There is a structural parallel outside the art world. The 2020s have rewarded platforms and consolidated supply chains across most cultural industries — publishing, music, film distribution — and punished the small-batch, hand-finished object. Lambert's cutouts are a quiet dissent from that logic at exactly the moment when the logic is hardening.

What it adds up to

The stakes are modest and real. Modest, because Lambert is one artist among many working in this vein and his profile is still being built. Real, because the argument he is making — that abstraction can be dimensional, that paper can carry weight, that the rectangle is a habit — is the kind of argument that, if enough artists repeat it, ends up shifting what the next generation of curators expects to see on a gallery wall. ARTNEWS's decision to feature the work in late June 2026 is itself a signal of where the editorial centre of gravity in the American art press is willing to look.

The framing this publication finds most defensible is neither the craft-nostalgia read nor the pure market-subversion read, but the third one underneath both: that an artist trained in painterly abstraction can use the techniques of that training — layering, veiling, accumulated surface — on a material that exposes the construction, and in doing so, surface a question that painting has been avoiding for a century. What does the picture plane actually buy us, and what does it cost?

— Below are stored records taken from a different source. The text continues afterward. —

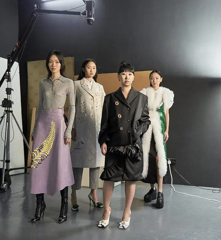 As founder and head booker of Basic Models Management, Bonita Ma (third from left and dressed in a Miu Miu skirt suit and 8 Moncler Richard Quinn pumps), has helped prove that home-grown models have what it takes to front international runways and campaigns. Among her brood that’s going places are (from left) Gucci and Rodarte runway regular Layla Ong in a Prada sweater and skirt and Miu Miu boots; Kaci Beh, who’s walked for the likes of Emporio Armani and Dolce & Gabbana, in a Miu Miu coat, shirt and pants, and 8 Moncler Richard Quinn pumps; and Nicole Liew, who made her Milan Fashion Week debut in February, in a Miu Miu gilet, shirt and skirt, and Prada Oxfords
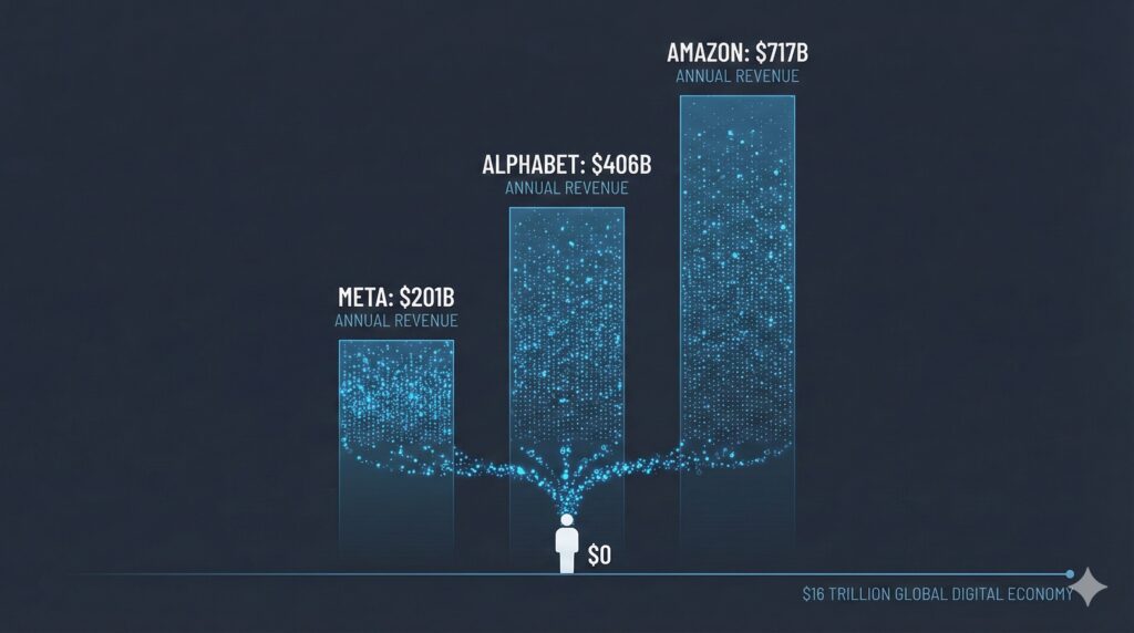 These three giants are not outliers. The global digital economy is estimated at approximately £16 trillion, roughly 15 per cent of world GDP. The majority of this value is captured by platforms that do not own the underlying data but have successfully extracted its value. You generate it. They monetise it. The transaction is so transparent it is nearly invisible.
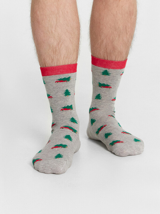 рис.2977 Мужской носок классический, высокий с рисунком в виде елок.
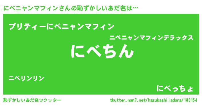 | 意味不明あだ名 | 『永久保存にべニャンマフィン』 |
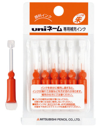 補充インクは、HUS-353朱をご利用ください。替芯の種類や交換方法、インクの補充方法は、こちらをクリックして各製品の「取扱い方法」をご覧ください。
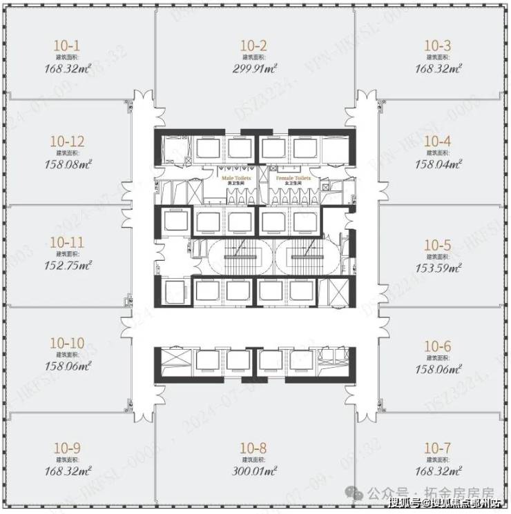 精装交付,每层7-12户划分,面积约150-2400㎡灵动组合
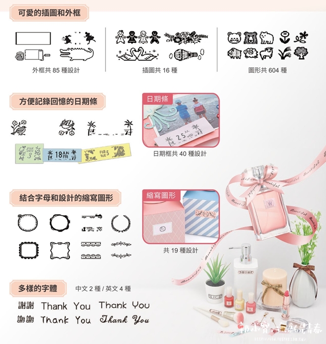 EPSON-LW-K420 美妝標籤機值得推薦的也是它是內建最多插圖跟外框的機型,絕對能滿足每個少女心噴發的朋友們,總共支援2種中文字型及4種英文字型,還有1124種符號與插圖以及85種外框、40種日期框、19種縮寫圖形!!
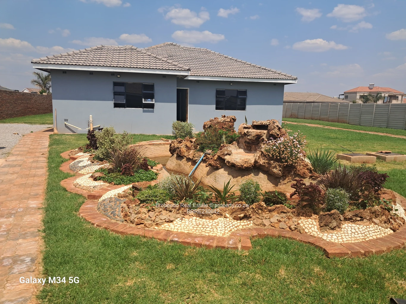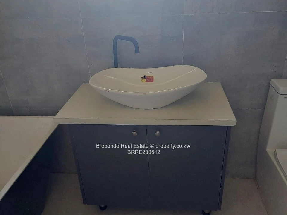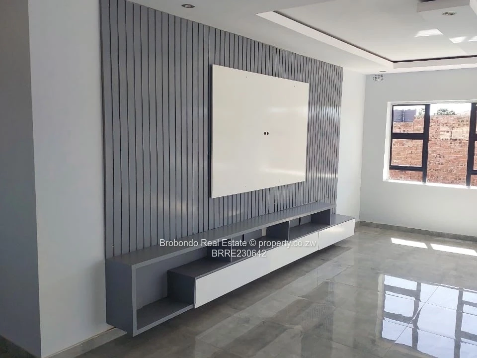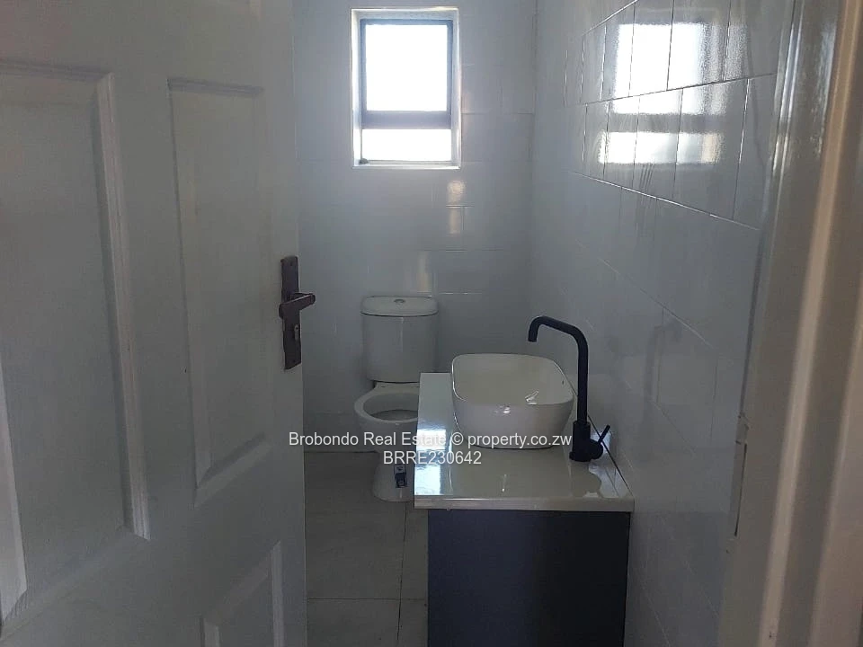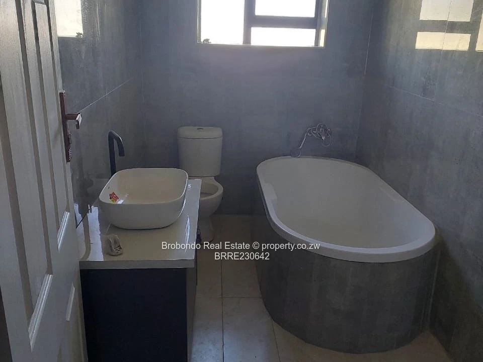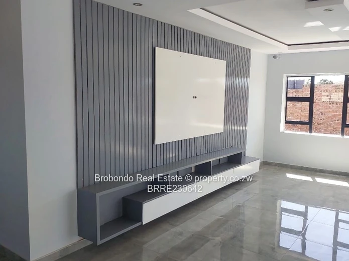 Brobondo Real Estate is proud to offer this neat and recently built 5 bedroomed house with three (3) ensuites, open plan lounge, fitted kitchen and dining, breakfast nuke, scullery, pantry, family ensuites with shower cubicles and tubs, toilet and bathroom, master bedroom with electric shower and walk in closet, tiled floors, zesa, borehole and 5000l water tank, double lockup garage, yard with water fountains, Gazebo, well maintained yard, walled and gated.

The sources reviewed for this piece describe the work in some technical detail but do not yet specify exhibition venues, gallery representation, or pricing — gaps that are typical for a feature running ahead of a show announcement rather than alongside one. This article was prepared from a single wire feature; independent exhibition listings and additional gallery context were not yet available at time of publication.

Desk note: The wire framing centred on the material shift in Lambert's practice. Monexus read the same feature and pushed further — to the structural question of what the rectangle still means in a market and a culture that has spent two decades treating it as the default.